It might be the offseason but the National Hockey League and commissioner Gary Bettman cannot take any time off getting ready for the upcoming season. While no official decision has been made on what will happened to the league’s 2020-21 season, we hear a lot of scenarios and how things might look on and off the ice in the coming months. Finally on Friday, Bettman addressed the latest rumours reporting that the 2020-21 campaign won’t start in early December, which was once of the first scenario the NHL put out there when it announced the Return to Play plan back in June.
It has become obvious that most teams need to safely welcome fans during their local games, in order to earn significant additional income, however, it sounds hard to make that a reality, especially with the current second wave of the coronavirus. On the air of TSN 1040 in Vancouver, Bettman admitted that the start of the 2020-21 campaign could come at a much later date than first expected.
“We don’t know know whether or not we’ll have fans in the building. We don’t know about COVID in the future. We don’t even know about travel restrictions. We’re focusing on what the options are. We’d like to open Dec. 1 but that might slide to late Dec/Jan.”

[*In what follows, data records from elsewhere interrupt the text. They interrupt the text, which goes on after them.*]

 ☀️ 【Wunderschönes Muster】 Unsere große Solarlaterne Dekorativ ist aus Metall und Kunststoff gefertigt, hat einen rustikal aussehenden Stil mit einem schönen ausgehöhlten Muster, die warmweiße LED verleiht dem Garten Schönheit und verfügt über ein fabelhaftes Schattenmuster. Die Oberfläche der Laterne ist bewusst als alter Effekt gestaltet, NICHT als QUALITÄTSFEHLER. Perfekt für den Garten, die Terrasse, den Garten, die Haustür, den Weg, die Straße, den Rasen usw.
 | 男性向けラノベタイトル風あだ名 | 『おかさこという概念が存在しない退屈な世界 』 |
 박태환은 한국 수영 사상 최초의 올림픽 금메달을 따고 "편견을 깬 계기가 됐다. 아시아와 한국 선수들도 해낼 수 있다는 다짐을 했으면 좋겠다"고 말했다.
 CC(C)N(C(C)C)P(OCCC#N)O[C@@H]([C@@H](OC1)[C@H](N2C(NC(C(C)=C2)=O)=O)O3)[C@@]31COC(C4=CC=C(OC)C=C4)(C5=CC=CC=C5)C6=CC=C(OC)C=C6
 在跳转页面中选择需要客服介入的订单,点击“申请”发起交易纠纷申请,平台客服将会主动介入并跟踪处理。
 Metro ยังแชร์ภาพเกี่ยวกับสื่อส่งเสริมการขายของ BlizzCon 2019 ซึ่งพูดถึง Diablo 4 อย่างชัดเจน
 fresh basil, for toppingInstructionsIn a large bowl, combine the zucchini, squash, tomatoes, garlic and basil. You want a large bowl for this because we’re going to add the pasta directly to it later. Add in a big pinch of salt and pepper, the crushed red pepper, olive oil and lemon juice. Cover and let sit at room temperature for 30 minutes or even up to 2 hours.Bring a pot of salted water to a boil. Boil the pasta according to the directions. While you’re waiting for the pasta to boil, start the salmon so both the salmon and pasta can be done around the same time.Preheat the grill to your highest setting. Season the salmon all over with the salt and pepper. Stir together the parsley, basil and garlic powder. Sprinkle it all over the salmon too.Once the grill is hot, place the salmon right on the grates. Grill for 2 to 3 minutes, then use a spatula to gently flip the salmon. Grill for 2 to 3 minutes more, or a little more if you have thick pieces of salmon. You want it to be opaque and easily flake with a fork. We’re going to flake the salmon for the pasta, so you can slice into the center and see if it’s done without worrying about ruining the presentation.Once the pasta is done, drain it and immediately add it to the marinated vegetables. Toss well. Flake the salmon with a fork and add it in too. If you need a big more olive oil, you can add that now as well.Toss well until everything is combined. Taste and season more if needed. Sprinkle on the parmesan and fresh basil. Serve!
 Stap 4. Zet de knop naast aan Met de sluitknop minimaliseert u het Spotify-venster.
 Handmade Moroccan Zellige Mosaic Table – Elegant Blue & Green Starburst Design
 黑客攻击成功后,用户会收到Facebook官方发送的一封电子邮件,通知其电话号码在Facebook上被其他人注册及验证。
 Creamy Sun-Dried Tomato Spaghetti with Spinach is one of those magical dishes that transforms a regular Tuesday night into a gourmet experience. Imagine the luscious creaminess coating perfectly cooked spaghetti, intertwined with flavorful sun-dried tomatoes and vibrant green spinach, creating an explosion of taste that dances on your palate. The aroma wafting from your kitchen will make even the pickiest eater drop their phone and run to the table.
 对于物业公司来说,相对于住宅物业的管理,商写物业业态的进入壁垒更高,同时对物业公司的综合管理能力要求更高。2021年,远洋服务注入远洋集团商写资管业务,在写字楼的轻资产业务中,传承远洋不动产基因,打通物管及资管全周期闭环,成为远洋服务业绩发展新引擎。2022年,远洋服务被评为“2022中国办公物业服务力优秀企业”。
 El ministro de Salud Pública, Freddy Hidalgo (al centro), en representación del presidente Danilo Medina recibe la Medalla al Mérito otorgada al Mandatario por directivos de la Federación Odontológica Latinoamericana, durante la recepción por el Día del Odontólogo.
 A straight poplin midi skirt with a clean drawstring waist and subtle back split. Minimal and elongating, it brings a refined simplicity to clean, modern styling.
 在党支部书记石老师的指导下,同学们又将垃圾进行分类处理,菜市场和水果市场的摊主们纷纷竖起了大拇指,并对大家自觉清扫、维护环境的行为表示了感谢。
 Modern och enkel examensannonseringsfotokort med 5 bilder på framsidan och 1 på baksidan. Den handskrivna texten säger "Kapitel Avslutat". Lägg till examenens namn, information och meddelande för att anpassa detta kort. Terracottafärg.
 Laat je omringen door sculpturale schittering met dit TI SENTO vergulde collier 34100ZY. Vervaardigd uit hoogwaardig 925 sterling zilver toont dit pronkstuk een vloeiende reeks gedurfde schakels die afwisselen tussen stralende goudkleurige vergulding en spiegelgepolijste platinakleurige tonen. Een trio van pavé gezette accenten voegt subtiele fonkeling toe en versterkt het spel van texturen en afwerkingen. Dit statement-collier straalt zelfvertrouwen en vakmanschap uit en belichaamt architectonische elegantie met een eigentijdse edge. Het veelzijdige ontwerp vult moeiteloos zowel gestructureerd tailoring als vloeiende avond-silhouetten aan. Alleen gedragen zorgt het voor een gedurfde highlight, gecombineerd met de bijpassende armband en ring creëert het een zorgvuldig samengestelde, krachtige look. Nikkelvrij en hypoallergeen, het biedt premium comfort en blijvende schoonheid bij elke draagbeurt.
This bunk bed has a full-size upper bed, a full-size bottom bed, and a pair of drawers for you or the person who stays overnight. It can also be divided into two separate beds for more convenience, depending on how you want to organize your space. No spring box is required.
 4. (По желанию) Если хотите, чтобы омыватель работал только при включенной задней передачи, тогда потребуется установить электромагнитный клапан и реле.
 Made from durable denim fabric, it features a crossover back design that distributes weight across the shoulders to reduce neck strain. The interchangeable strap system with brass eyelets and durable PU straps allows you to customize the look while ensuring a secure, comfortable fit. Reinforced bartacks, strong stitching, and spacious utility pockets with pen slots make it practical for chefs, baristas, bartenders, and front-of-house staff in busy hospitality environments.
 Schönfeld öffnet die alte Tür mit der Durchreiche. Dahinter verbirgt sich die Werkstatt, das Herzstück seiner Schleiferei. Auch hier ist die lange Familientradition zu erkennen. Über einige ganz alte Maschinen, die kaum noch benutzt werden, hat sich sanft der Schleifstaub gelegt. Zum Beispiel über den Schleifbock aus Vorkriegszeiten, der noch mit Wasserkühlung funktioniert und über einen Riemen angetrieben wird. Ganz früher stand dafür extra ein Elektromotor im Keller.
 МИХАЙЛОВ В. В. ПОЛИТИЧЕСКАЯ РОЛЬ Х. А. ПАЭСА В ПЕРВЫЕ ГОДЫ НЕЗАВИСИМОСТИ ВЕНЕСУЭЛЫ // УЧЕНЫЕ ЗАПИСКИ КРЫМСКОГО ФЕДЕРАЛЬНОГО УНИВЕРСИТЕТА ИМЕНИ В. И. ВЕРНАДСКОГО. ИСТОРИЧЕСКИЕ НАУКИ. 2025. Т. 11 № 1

The bad news didn’t stop there. We already know that the salary cap has been flattened for the upcoming season, staying put at $81.5 million with several teams struggling to get under it, but Bettman revealed that it will have to remains flattened for several years.
“Cap will be flat for at least a couple years. Because we could be down 800M-1B due to COVID, the cap theoretically may need to come down. We decided not to because it may be disruptive. When things get back to normal, hopefully we catch back up to where we we were.”
While Bettman is hopeful that the league can get it back up in the coming years, the fact that no one knows when the 2020-21 season will be underway and if fans will be allowed in the arenas, are huge hurdles.
Teams better do the tough math now and get used to it.